In these cases, the Obama administration has a chance to promote gay rights without requiring too much executive action. Carrillo sees a historic opportunity for the administration here, saying, "The administration now has an opportunity to go beyond its rejection of the Defense of Marriage Act to forcefully argue for the constitutionality of same-sex marriage as a general framework that should inform state decisions on this issue." Certainly, if the Obama administration is willing to defend gay rights in these two cases, it has the potential to win some major victories without being seen as overstepping executive bounds.

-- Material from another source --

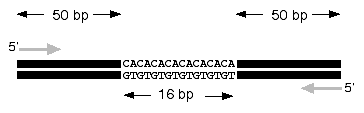 Figure 1. Detecting microsatellites from genomic DNA. Two PCR primers (forward and reverse gray arrows) are designed to flank the microsatellite region. If there were zero repeats, the PCR product would be 100 bp in length. Therefore, by determining the size of each PCR product (in this case 116 bp), you can calculate how many CA repeats are present in each microsatellite (8 CA repeats in this example).

On the other hand, the court could also invalidate years of work by the LGBT community. Of the nine Supreme Court justices currently on the bench, Scalia and Thomas have previously voted against striking down sodomy laws, and the first briefs seem designed to appeal to Kennedy, the most likely swing vote. Dr. Fenrich, though he does not want to make a prediction on the court case one way or another, noted that "a decision against same-sex marriage, at this point, would be a major setback in all sorts of ways." If gay marriage advocates lose here, they'll be forced to take their fight to the ground in all 50 states, and many of those are steep, uphill battles.

Wichter, at least, is optimistic. He said he views the march of gay rights as a tough struggle, but one in which victory is beginning to feel, if not inevitable, perhaps expected. “This election was a watershed moment,” he said. “That sort of action by the people of this country sends a message to politicians that now is the time. The tide is changing.”